Environmental Engineering and Earth Sciences, Clemson University, SC 29634-0919, USA.
Health Phys. 2012 Jun;102(6):637-45. doi: 10.1097/HP.0b013e3182430106.
Three statistical control chart methods were investigated to determine the one with the highest detection probability and the best average run length (ARL). The three control charts include the Shewhart control chart of count data, cumulative sum (CUSUM) analysis of count data (Poisson CUSUM), and CUSUM analysis of time-interval (time difference between two consecutive radiation pulses) data (time-interval CUSUM). The time-interval CUSUM (CUSUMti) control chart was compared with the Poisson CUSUM (CUSUMcnt) and the Shewhart control charts with experimental and simulated data. The experimental data were acquired with a DGF-4C (XIA, Inc.) system in list mode. Simulated data were obtained by using Monte Carlo techniques to obtain a random sampling of a Poisson process. All statistical algorithms were developed using R (R Development Core Team). Detection probabilities and ARLs for the three methods were compared. The time-interval CUSUM control chart resulted in a similar detection probability as that of the Poisson CUSUM control chart but had the shortest ARL at relatively higher radiation levels; e.g., about 40% shorter than the Poisson CUSUM at 10.0 counts per second (cps) (five times above the background count rate).
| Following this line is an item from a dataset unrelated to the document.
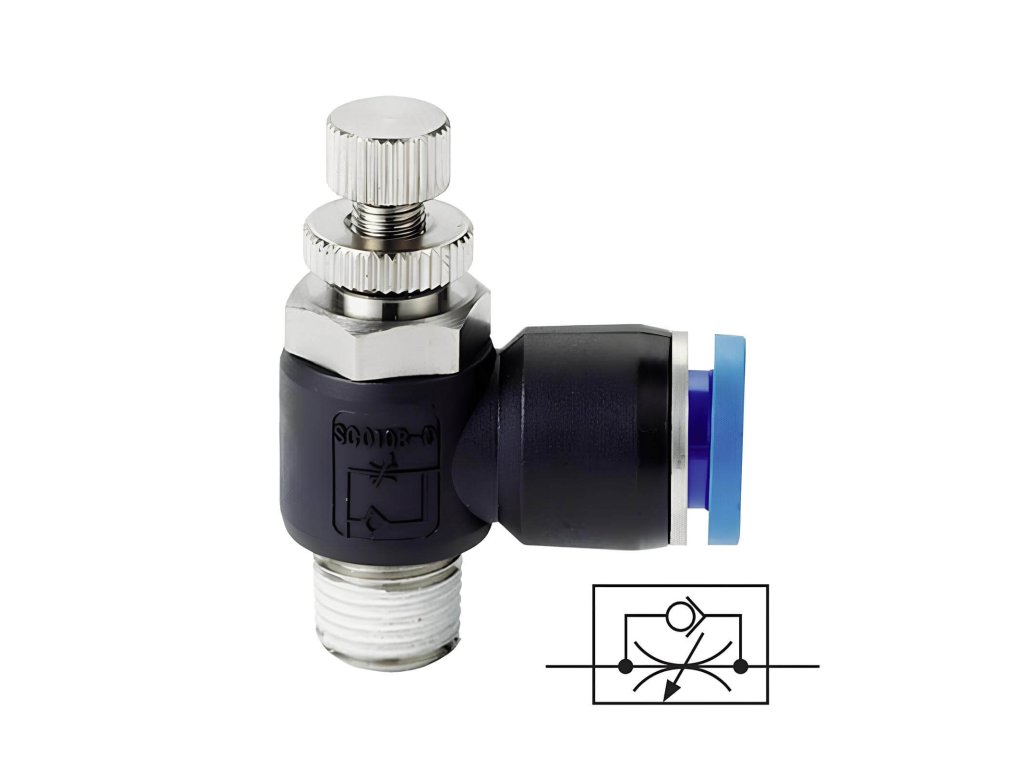 Úhlové škrtící ventily s vnějším závitem, škrcení na odfuku 12 - R 1/8"

Both CUSUM control charts resulted in a higher detection probability than that of the Shewhart control chart; e.g., 100% greater than the Shewhart control method at 4.0 cps (two times above the background count rate). In addition, when time-interval information was used, the CUSUM control chart coupled with a modified runs rule (mrCUSUMti) showed the ability to further reduce the time needed to respond to changes in radiation levels and keep the false positive rate at a required level.
研究了三种统计控制图方法,以确定具有最高检测概率和最佳平均运行长度(ARL)的方法。这三种控制图包括计数值的休哈特控制图、计数值的累积和(CUSUM)分析(泊松 CUSUM)和时间间隔(两个连续辐射脉冲之间的时间差)数据的 CUSUM 分析(时间间隔 CUSUM)。时间间隔 CUSUM(CUSUMti)控制图与泊松 CUSUM(CUSUMcnt)和休哈特控制图进行了比较,实验和模拟数据。实验数据是使用 DGF-4C(XIA,Inc.)系统以列表模式采集的。模拟数据是通过使用蒙特卡罗技术获得泊松过程的随机抽样来获得的。所有统计算法均使用 R(R 开发核心团队)开发。比较了三种方法的检测概率和 ARL。时间间隔 CUSUM 控制图的检测概率与泊松 CUSUM 控制图相似,但在相对较高的辐射水平下具有最短的 ARL;例如,在每秒 10.0 个计数(cps)(背景计数率的五倍)时,比泊松 CUSUM 短约 40%。两种 CUSUM 控制图的检测概率均高于休哈特控制图;例如,在每秒 4.0 cps(背景计数率的两倍)时,比休哈特控制方法高 100%。此外,当使用时间间隔信息时,与修改后的运行规则(mrCUSUMti)相结合的 CUSUM 控制图显示出进一步减少响应辐射水平变化所需时间的能力,并将误报率保持在所需水平。